桐花さんは反応を示すことはなく、無言で先を促してくる。
「僕は美柑のことが好きです! ここに来る前、告白しました。先の事情を抜きにしても、僕は美柑が大好きで、これから先の未来を美柑とともに歩いていきたいと、本気で思っています。――だから、娘さんを僕にください!」
僕は途中で席を立ち、桐花さんに向かって頭を下げた。桐花さんから伝わってくる緊張感が遠慮なく肌に突き刺さる。

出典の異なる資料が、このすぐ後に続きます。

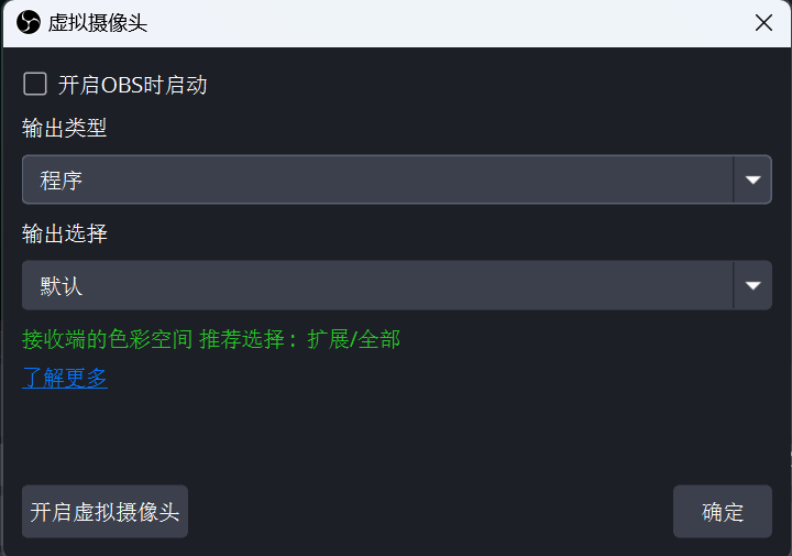 - 输出类型和输出选择一般默认即可(默认的设置就是当前OBS软件显示什么内容,就摄像头输出什么内容);如果要输出指定场景画面,或是指定源的画面,可以设置输出类型是场景或是源即可.

「私からもお願い、お母さん! 私もレンレンが大好きで、レンレンとだから、この先も一緒にいたいと思えるの!」
美柑が立ち上がり、僕と同じように頭を下げる。
「…………二人とも、顔を上げろ」
桐花さんに言われた通り、僕たちは顔を上げる。その瞬間、桐花さんの鋭い針のような視線が僕を射抜いた。
「……⁉」
「九重、お前に聞く。美柑はあたしの大事な一人娘だ。お前は、そんな娘をくれと言った」
視線を外すことを許さないような目と声に、体が強張るのを感じる。震え出しそうになる体に必死に耐える。

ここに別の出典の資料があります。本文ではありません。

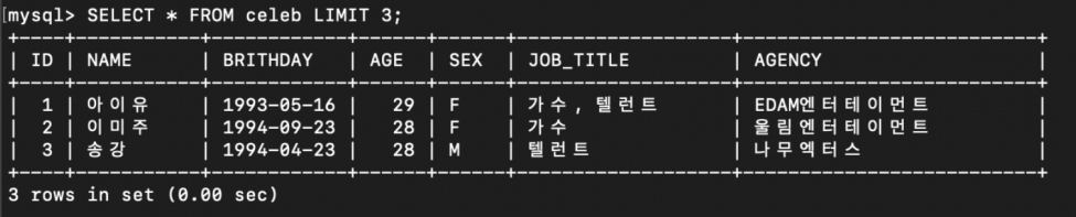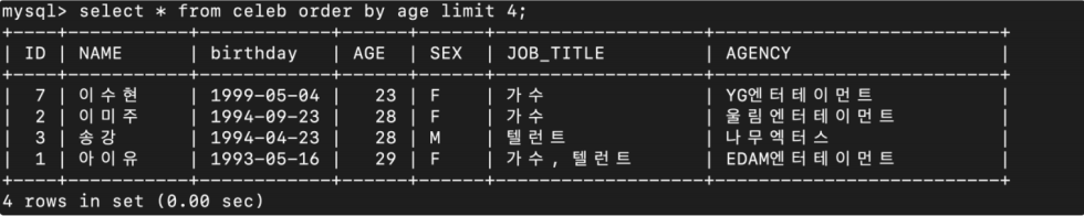SELECT * FROM celeb ORDER BY age LIMIT 4;

「お前は、美柑が好きなんだな? この世の他の誰でもない、美柑だけが好きなんだな? 美柑を幸せにできるのは、お前しかいないんだな?」
再三に渡る本気の問いかけ。嘘が通じないことはわかっている。けど、それを心配する必要なんてわずかばかりもない。
「はい! 僕が好きなのは美柑だけで、その気持ちはこれから先何があっても変わりません! 僕が、美柑を幸せにします‼」
だって、僕の気持ちは変わらないんだ。桐花さんが本気で問いかけてくるなら、当然僕も本気の気持ちで返す、それだけのことだ。

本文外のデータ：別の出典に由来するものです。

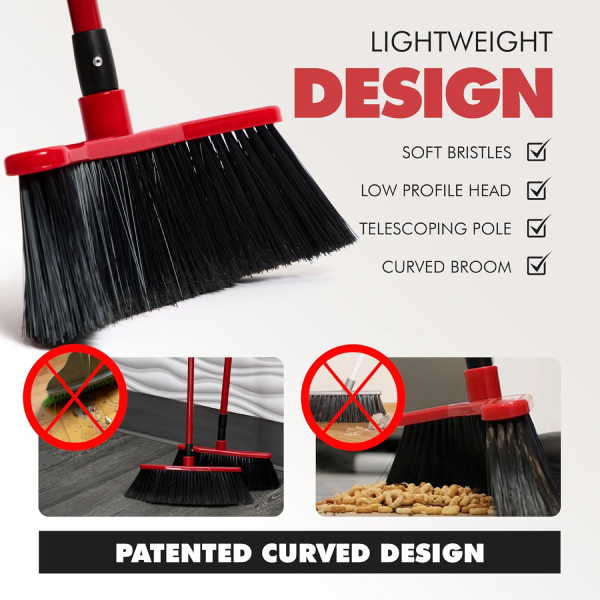 Da Vinci Brooms make everyday cleaning effortless. The curved ends guide dust and crumbs to the center—no more side spills. With a slim, low-profile head that glides under furniture and flared edges that reach into corners, every sweep feels smooth and satisfying. Lightweight and adjustable, it’s easy on your hands and built to get the job done fast.

「…………ふっ、そこまで言えるなら、もうあたしからは何も言えないな」
突然、桐花さんが笑みを浮かべ、緊張感漂う雰囲気を弛緩させた。
「九重、そこまで言い切ってみせたのなら、美柑のことは任せるぞ。絶対、幸せにしろ!」
「……⁉ はい!」
僕の返事と同時に、隣で美柑が椅子に崩れ落ちた。
「ふひゃあぁぁ、き、緊張したよ~」
煙でも出すんじゃないかとばかりに、美柑が安堵の表情を浮かべている。それにつられ、僕の方まで椅子に座り込んでしまった。
「ははははっ! お前たち、お疲れ様だな!」
桐花さんが疲れ切った僕たちを見て盛大に笑って見せる。そこに、さっきまでの圧は感じなかった。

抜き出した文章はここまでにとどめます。